* **DATA SECTION**:
====

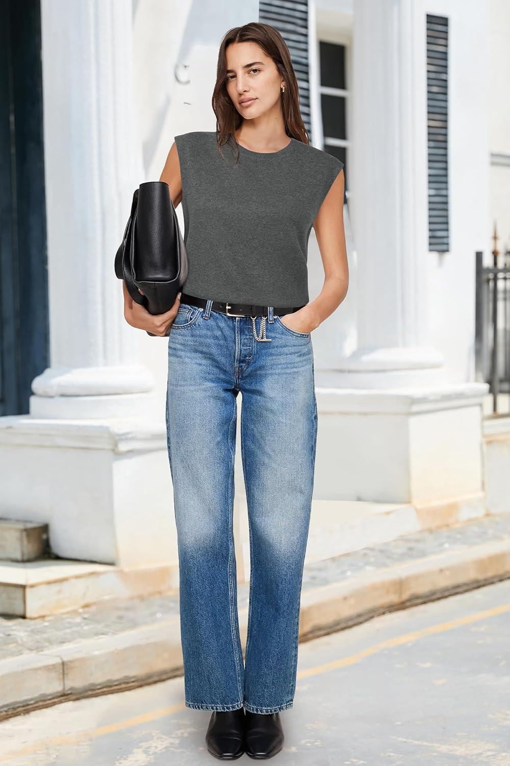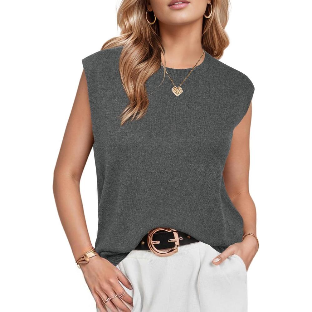 Arach&Cloz Women’s Wool Blend Mock Neck Sweaters Vest Business Casual Trendy Tops Fall Outfits 2025(Dark Grey-5046)
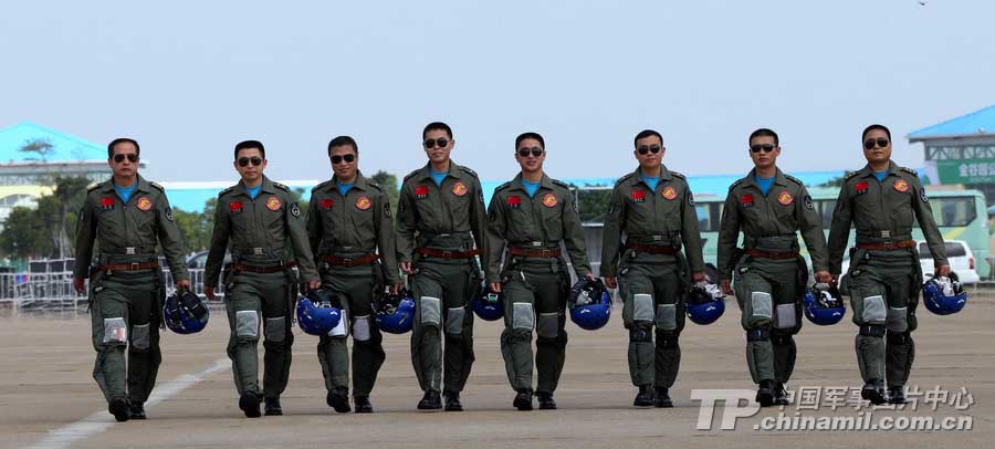 八一飛行表演隊的飛行健兒入場。解放軍報記者 喬天富 攝
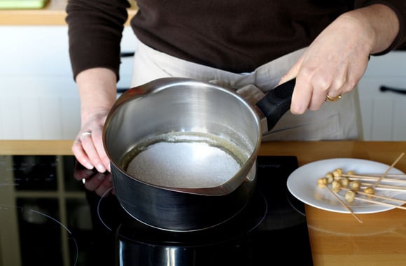 Le sucre va fondre petit à petit puis se transformer en un sirop épais. L'idéal est d'utiliser une casserole en inox pour bien voir la couleur du sirop et égallement parce que l'inox conduit la chaleur de manière uniforme.
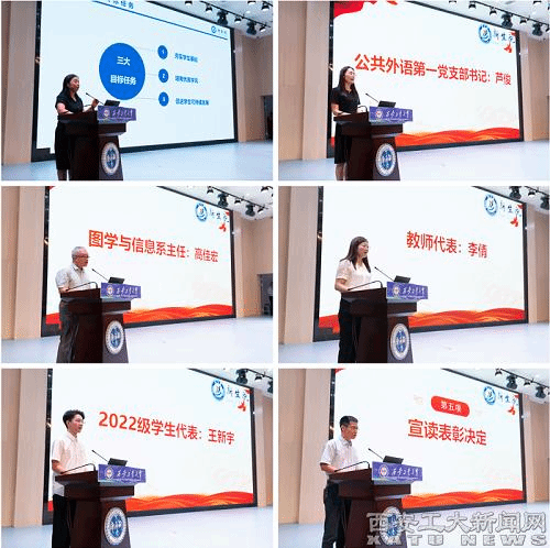 会议第一阶段,大家共同观看了工作总结视频,回顾了新生院2022学年的人才培养工作历程。新生院院长刘改琳从新生院基本情况、党建工作、教学工作、学生教育管理工作、取得的成绩、存在的问题和不足、下一步工作思路和举措等七个方面进行汇报,全面总结了过去一年中人才培养工作各项成效。公共外语第一党支部书记芦俊、图学与信息系主任高佳宏、数学系教师代表李倩、2022级学生代表王新宇分别进行交流发言。新生院党委书记姬洪波宣读学院2022年学风建设工作表彰决定,校领导为获奖代表颁发了荣誉证书。
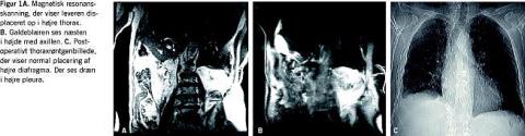 til observation på en intensivafdeling med henblik på kon-servativ behandling af et levertraume. Inden for det første døgn faldt hæmoglobinniveauet fra 8,6 mM til 7,4 mM. Der blev indlagt pleuradræn og udtømt 2 l blod. Derefter foretoges MR-skanning med MR-angiografi for nøjere at udrede traumet herunder at afklare forholdene omkring diafragma. MR-skanningen viste leveren liggende oppe i højre thorax (Figur 1A ) med galdeblæren næsten ud for axilniveau
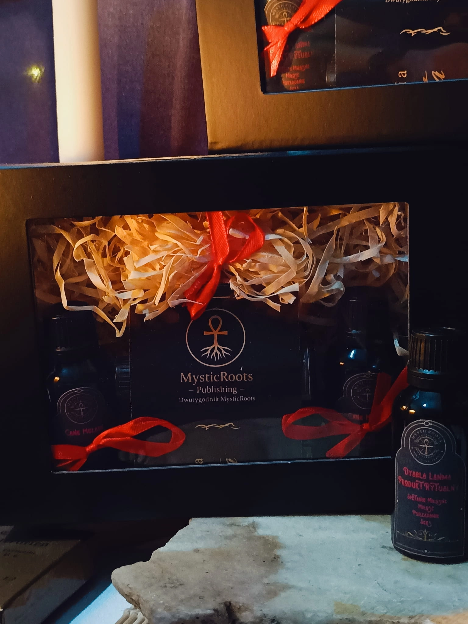 Całość została zamknięta w eleganckim, czarnym pudełku z magnetycznym zamknięciem i oknem ekspozycyjnym. Wnętrze wyłożone jest naturalnymi drewnianymi wiórkami, które chronią zawartość i nadają całości charakter rzemieślniczej skrzyni rytualnej. Każdy element zestawu jest ułożony ręcznie, dzięki czemu całość przypomina narzędzia przygotowane na ołtarzu.
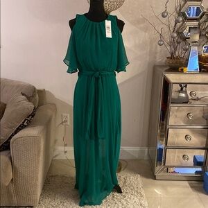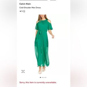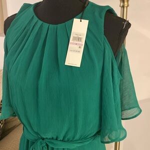 Calvin Klein Green High Low Sundress with Cold Shoulder size 6 NWT
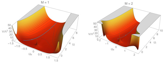 The shape of the potential for and is presented in the Figure 10. This model could also be expressed using a string-inspired superpotential together with . Within the slow-roll approximation one finds
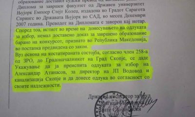 Државниот инспекторат за труд потврди дека за време на донесувањето одлука за избор на директор, Александар Атанасов немал доставено доказ за завршено образование признато во Република...
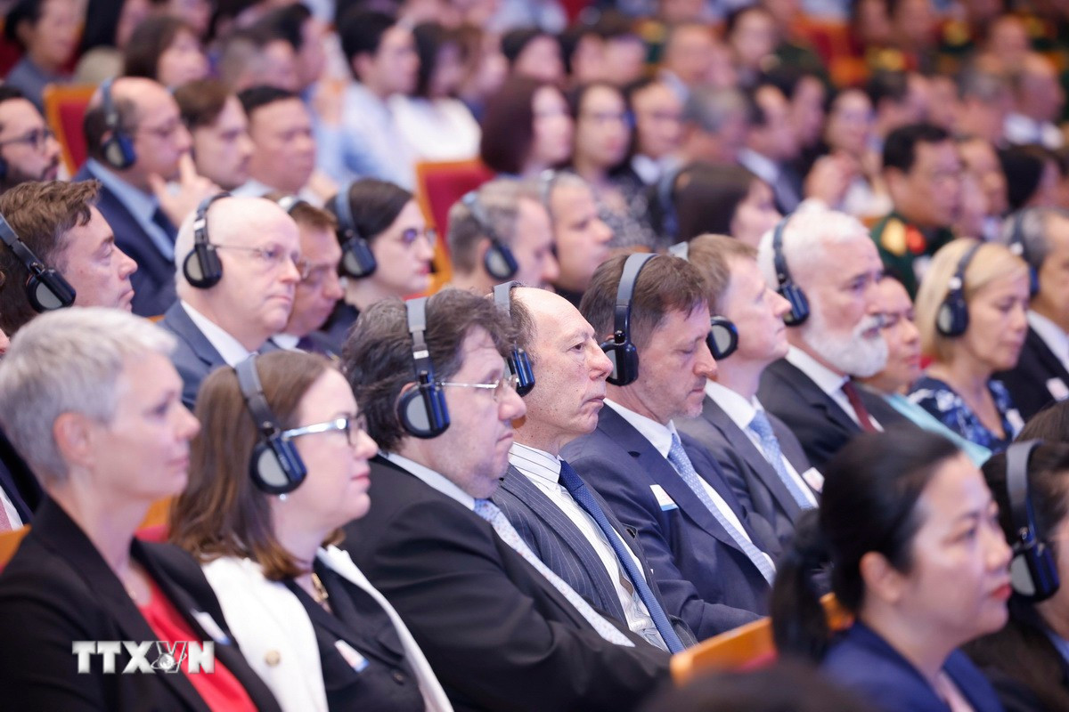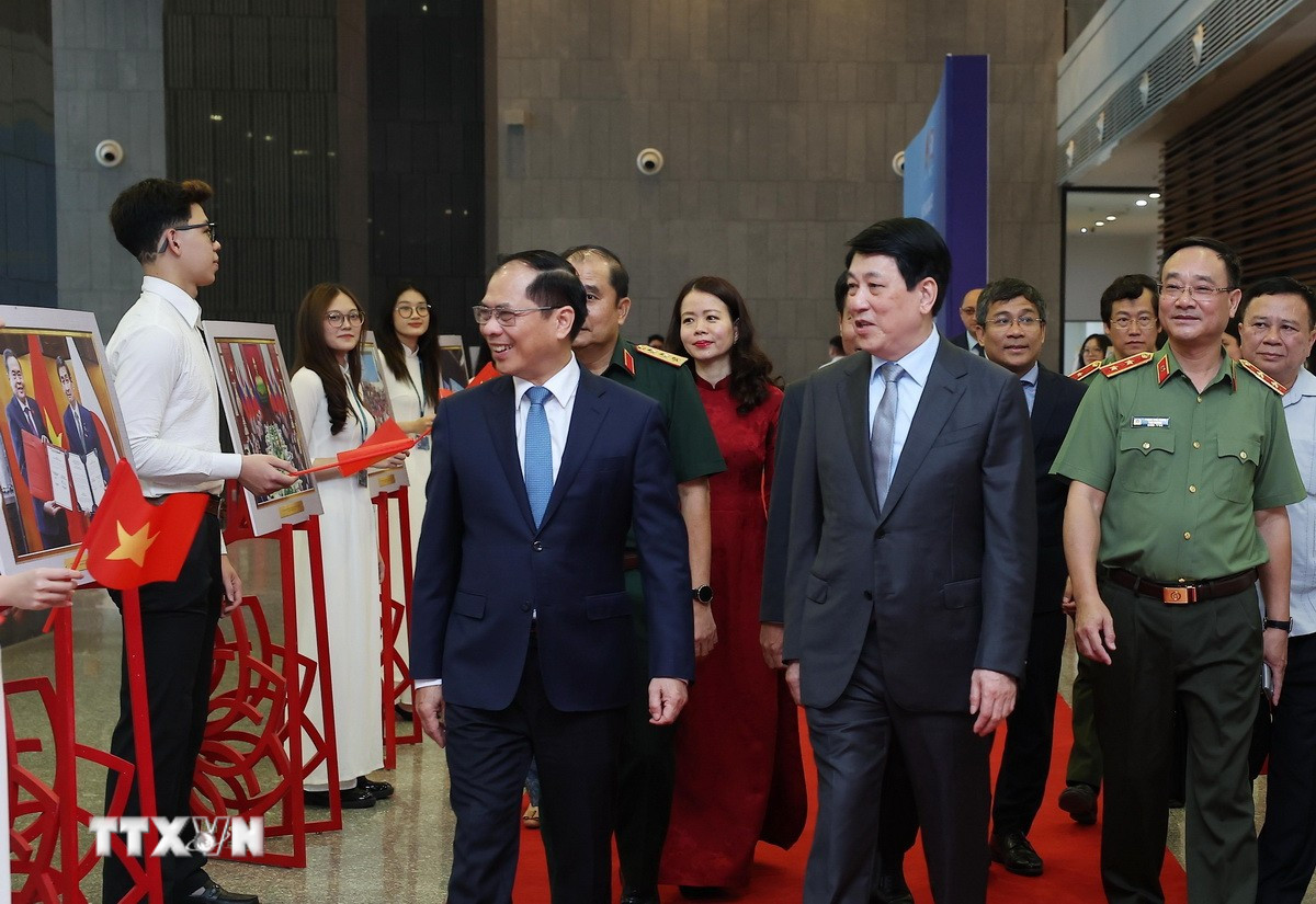 Chủ tịch nước Lương Cường với đại biểu dự hội thảo khoa học quốc tế “50 năm thống nhất đất nước: Vai trò kiến tạo hòa bình của ngoại giao trong lịch sử và hiện tại”
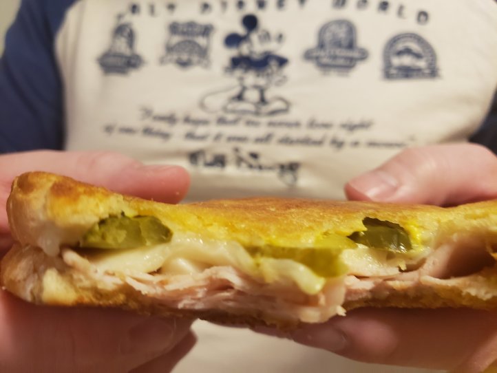 I call this the Orlando. Not quite as fancy as the Cuban sandwiches of Miami. Also, much less pork-y. Turkey, swiss, pickles, mustard. You could do a simple grilled cheese, or go as fancy as you would like! Get creative.
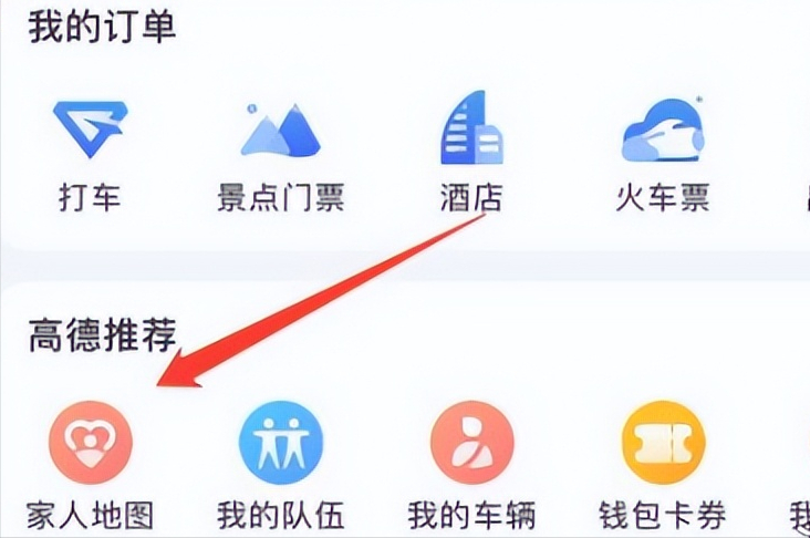 3.登录后,在高德地图右下方找到【我的】,在新弹出的页面中,有个【高德推荐】栏目,在这个栏目下面,我们用手指往左边滑动,就会看到一个【家人地图】,找到【家人地图】后,我们点进去;

====

* **WHAT YOU HAVE TO DO**: What belongs in the answer is each line above from the line with "Całość została zamknięta" to the line with "Chủ tịch nước", inclusive, reproduced exactly and free of pictures.

* **RESULT FOR THIS EXERCISE**:
 Całość została zamknięta w eleganckim, czarnym pudełku z magnetycznym zamknięciem i oknem ekspozycyjnym. Wnętrze wyłożone jest naturalnymi drewnianymi wiórkami, które chronią zawartość i nadają całości charakter rzemieślniczej skrzyni rytualnej. Każdy element zestawu jest ułożony ręcznie, dzięki czemu całość przypomina narzędzia przygotowane na ołtarzu.
 Calvin Klein Green High Low Sundress with Cold Shoulder size 6 NWT
 The shape of the potential for and is presented in the Figure 10. This model could also be expressed using a string-inspired superpotential together with . Within the slow-roll approximation one finds
 Државниот инспекторат за труд потврди дека за време на донесувањето одлука за избор на директор, Александар Атанасов немал доставено доказ за завршено образование признато во Република...
 Chủ tịch nước Lương Cường với đại biểu dự hội thảo khoa học quốc tế “50 năm thống nhất đất nước: Vai trò kiến tạo hòa bình của ngoại giao trong lịch sử và hiện tại”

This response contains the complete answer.